Clinical presentation and outcomes of children hospitalized with sickle cell anemia at Gulu Regional Referral Hospital, Uganda: A retrospective cross-sectional study

Sickle cell anemia (SCA) is a significant public health challenge, particularly in sub-Saharan Africa, where 80% of affected individuals reside. This study aimed to evaluate the clinical presentation and outcomes of children with SCA hospitalized at GRRH.

A retrospective cross-sectional study was conducted, reviewing medical records of children aged 0–18 years hospitalized with SCA at Gulu Regional Referral Hospital (GRRH) between January 2019 and June 2024. Data on demographics, clinical presentations, interventions, and outcomes were collected and analyzed with descriptive statistics in Stata 18.0.

Of 126 children enrolled, the median age was 7 years (IQR 3–10 years), with 55.6% male (n = 70). Painful crises (86.5%, n = 109) and fever (66.7%, n = 84) were the most common presentations, followed by jaundice (21.4%, n = 27) and respiratory distress (8.7%, n = 11). Most children (98.4%, n = 124) had hospital stays of less than one week, with 94.4% (n = 119) achieving complete recovery. Treatment included folic acid supplementation (99.2%, n = 125), antibiotics (96.8%, n = 122), and hydroxyurea (14.3%, n = 18). Mortality was 3.9% (n = 5), and 1.6% (n = 2) were transferred.

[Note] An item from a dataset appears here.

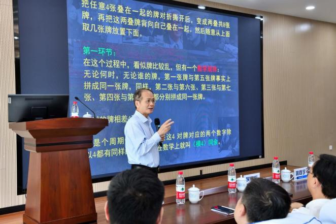 报告伊始,周向宇院士从春晚魔术讲起,“魔术师通过一系列复杂的操作和设计,成功将抽象的数学问题转化为生动有趣的魔术表演”,带领师生们共同揭秘魔术背后所蕴含的数学原理设计——同余理论,引出“物不知数”问题及孙子 “神机妙算”之解、中国剩余定理等数学思想,中国古代数学“言约旨远”,由浅入深,激发在场师生探索数学奥秘。紧接着,周向宇院士基于发表于《数学学报》的学术论文,详细解说了《周髀算经》中勾股定理、《孙子兵法》中神机妙算、《九章算术注序》中重差公式,介绍了中国古代关于数论、代数运算、无穷与极限的思想,也为在场师生复原了中国古代数学中勾股定理的商高证明,揭示其蕴含的商高“折矩”原理、“积矩”思想、商高-赵爽“形体不变量”思想。随后,周向宇院士通过结合古代实例,由高次方程的数值解的问题引出了唐朝的王孝通的伟大思想成果,这是数学智慧与古代现实生活碰撞的火花,也是我国古代数学家的伟大成就,引领师生深刻体会中国古代数学的魅力。

Painful crises and fever were predominant clinical features, with high recovery rates and short hospital stays suggesting relatively favourable outcomes at GRRH. Mortality was 3.9%, which is lower than or comparable to reported inpatient mortality rates of 4–12% for paediatric sickle cell anaemia in other sub-Saharan African settings. However, limited hydroxyurea use highlights access barriers. Strengthening SCA healthcare policies, increasing hydroxyurea availability, and further research into severe cases are recommended to improve outcomes.